The Art of Diversity

Brooke Kelley (She/Her)

Editorial Team Member

As a junior in high school, I am taking AP Art History this school year. In the cozy confines of my first period classroom, we probe art pieces from 3500 BCE- modern day works through lively discussion, thoughtful written analysis and precise note taking. While I am only over one month into my study of art history, I want to be absorbed into this world. My teacher began teaching us Unit 1, prehistoric art, and then we directly advanced to Unit 10, contemporary art (1980-present), in order to have a perspective of how much we have developed as an artistic world.

One of the most fascinating pieces in Unit 10 is Cindy Sherman’s, Untitled #228: a recreation of Artemisia Gentileschi’s Judith Slaying Holofernes- an adaptation of a Carravargio’s own depiction of Judith, a biblical hero. Each of these pieces show a woman who is beheading a man, although in Sherman’s piece, the head is already detached from the body. The progression of Caravaggio’s depiction to Sherman’s begins to attack the concept of the male gaze. The male gaze is the discourse that reflects heterosexual male attraction through meek, hyper-sexual and villanized portraits of women. Sherman includes motifs from Gentileschi’s and Caravaggio’s pieces with Romanesque draperies in the background, although the dress that Sherman’s “Judith” is wearing is a rich, blood red. Caravaggio’s piece was the most conservative in terms of how violent Judith had been depicted, and Sherman wields the most vicious portrayal of Judith.
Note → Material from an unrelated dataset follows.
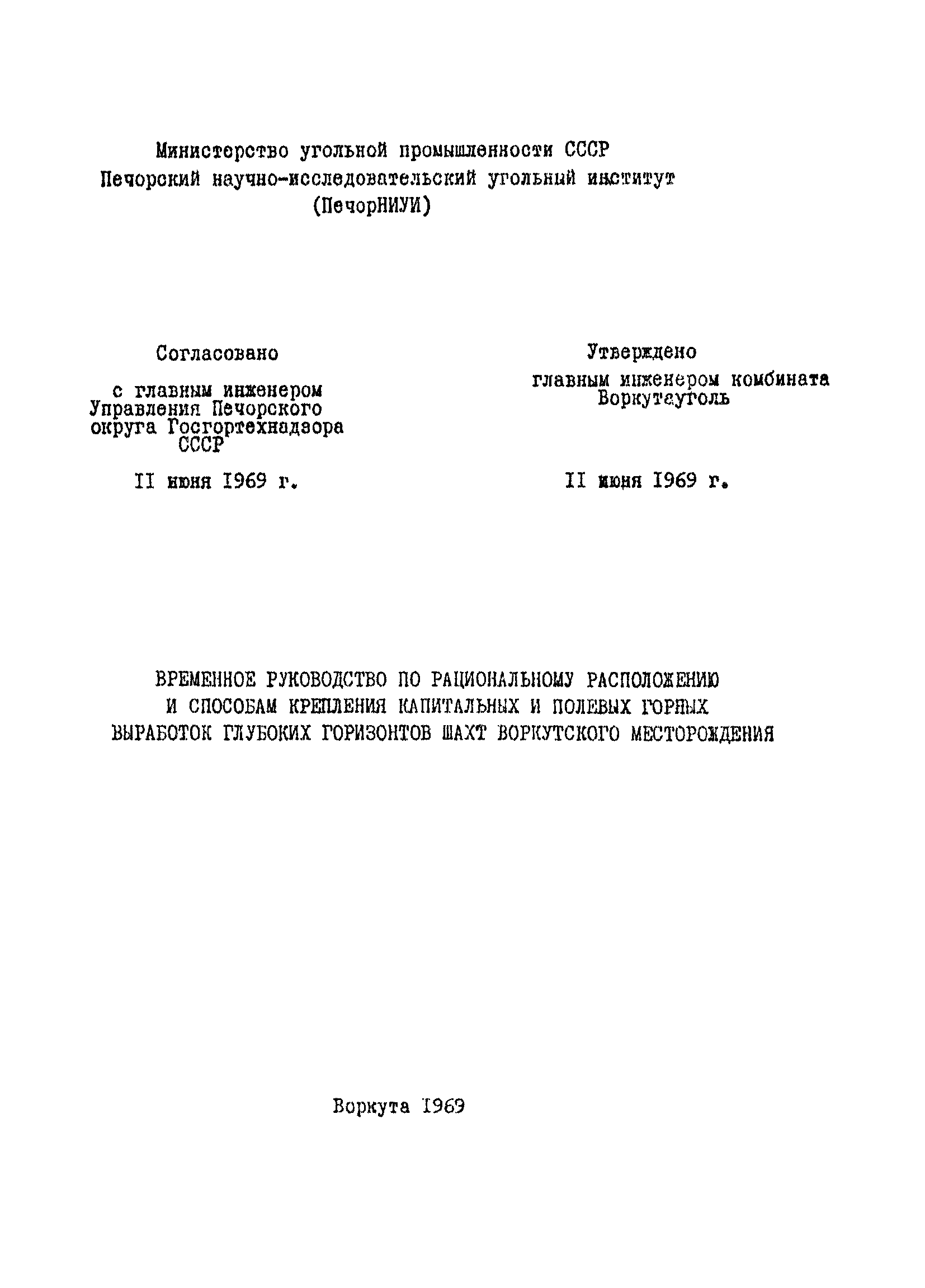 | Утверждён: | 11.06.1969 Главный инженер комбината Воркутауголь

This piece is just one of the forty two works of art in Unit 10. Each work of art is testament to our societal progression as a more inclusive and diverse art world. This unit is unlike the other units that simply portray naked women created with oil paint by wealthy white males. Pieces like, “Sunflower Seeds” by Ai Weiwei, a Chinese activist who used this project in order to give work to his impoverished hometown of Jingdezhen, just south of Beijing, is an example of this diversity. Not only is there diversity in the race of the artist, there is diversity in the purpose of its creation. Indeed, the evolution of the human identities of artists becoming well rounded and how frequently stereotypes dominate the content of works of art channel inclusivity and diversity.

While some people mourn the old paintings that were commissioned by French aristocrats and English monarchs, I see our contemporary world of art as just as impressive with its integration of technology and mixed media materials. Our contemporary world of art is created by artists of all human identities; thanks to my art history class, I can prove that myself.